## [DESCRIPTION OF THE TASK]
Using the listing below, set down exactly the lines from the one that contains "BTtime 50個のパンクネイルアートチャーム ネイルパーツ" through the one that contains "整个拖拽过程通过优化噪声化的潜在向量 来实现。优化的目标是让经过仿射变换后的目标区域 的特征,与优化开始前源区域", with no pictures.
BEGIN EXTRACTED INFORMATION
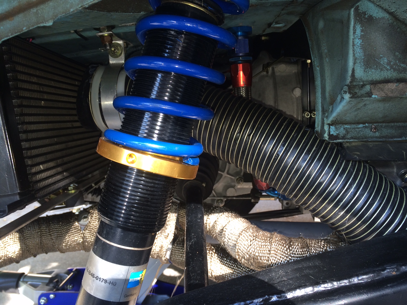 http://www.914world.com/bbs2/index.php?sho...%20hot&st=0 I was hopeful that re-installing the ducts from the fan housing to the heat exchangers would solve my high oil temps. Well...it solved one of the causes of my high oil temps. Now that I have driven the car on 2 multi-day tours through California I can unfortunately report that the issue is not fully corrected. With the benefit of hindsight I now know that as road speeds increase the airflow through the engine compartment is insufficient to keep the oil temp in check. Running through the gears on tighter 2 and 3rd gear roads are no problem. It's the more open 4th and 5th gear runs (high road speeds) that are causing the problem now. Now it looks like we are dealing with 2 options. The first is to install a faster-turning 1.9 to 1 ratio fan setup. This will increase airflow through the engine compartment but will make more noise and take a few HP to run. The second option is to add an external oil cooler. The front-mounted cooler seems to be the tried-and-true solution but is expensive and invasive. Some folks have rigged up an external cooler with fan under the rear of the car. I am soliciting thoughts, preferably from those with experience themselves, on these or any other options that may exist. I would appreciate any pictures of the various external oil cooler installations as well. Many thanks, Lee |
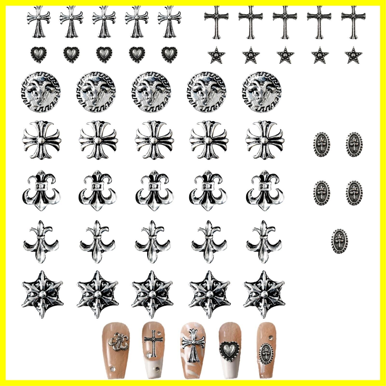 BTtime 50個のパンクネイルアートチャーム ネイルパーツ メタルパーツ 3D スタッズ デコパーツ レトロ 十字架 パンク ネイルリベット ネイルパーツ ネイルデザイン用品DIYクラフトアクセサリー (ヴィンテージシルバー)
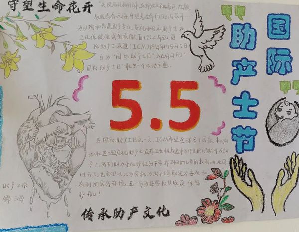 为庆祝助产士节的到来,同学们用画笔在纸上描绘出她们理想的助产士形象。手抄报向我们展现的不仅是他们对助产专业的认识和憧憬,更是他们对这个专业的热爱和坚持。
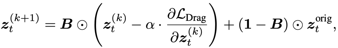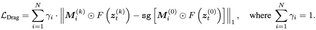整个拖拽过程通过优化噪声化的潜在向量 来实现。优化的目标是让经过仿射变换后的目标区域 的特征,与优化开始前源区域 的特征保持一致。
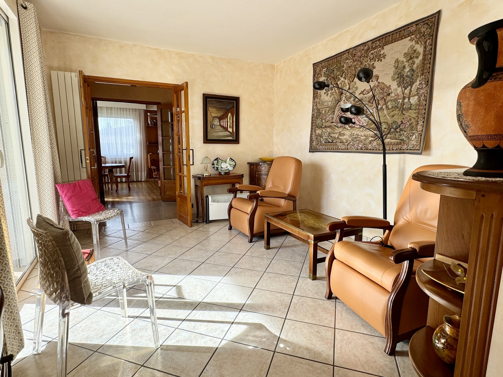 Entièrement isolée par l’extérieur et équipée de menuiseries en double vitrage ainsi que de volets roulants, elle accueille au rez-de-chaussée une salle à manger traversante baignée de lumière, un salon chaleureux, une cuisine indépendante, deux chambres, un bureau, une salle de bain, une salle d’eau et des toilettes.
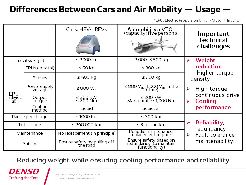 The weight of an EPU includes both motors and inverters. As this table shows, an automotive EPU weighs about 50 kilograms, whereas an air mobility EPU weighs about 300 kilograms, which gives a very high percentage of the total weight.
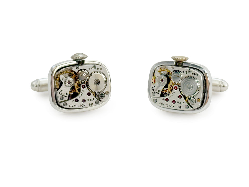 This collection features Watch Movements that were manufactured by makers whose names are still recognized around the world. All cuff links or pendants are set in sterling silver. Movements may feature a silver or gold/brass tone. While all movements originally had crowns (winders) many detached thru the decades. Tokens doesn't amend or alter the movement. If there is no longer a winder we simply set as is for a streamlined look. Note watch parts are not functional and do not wind. Each pair of cuff links comes gift-boxed with a Certificate of Authenticity.
END EXTRACTED INFORMATION
## [TASK ANSWER]
 BTtime 50個のパンクネイルアートチャーム ネイルパーツ メタルパーツ 3D スタッズ デコパーツ レトロ 十字架 パンク ネイルリベット ネイルパーツ ネイルデザイン用品DIYクラフトアクセサリー (ヴィンテージシルバー)
 为庆祝助产士节的到来,同学们用画笔在纸上描绘出她们理想的助产士形象。手抄报向我们展现的不仅是他们对助产专业的认识和憧憬,更是他们对这个专业的热爱和坚持。
整个拖拽过程通过优化噪声化的潜在向量 来实现。优化的目标是让经过仿射变换后的目标区域 的特征,与优化开始前源区域 的特征保持一致。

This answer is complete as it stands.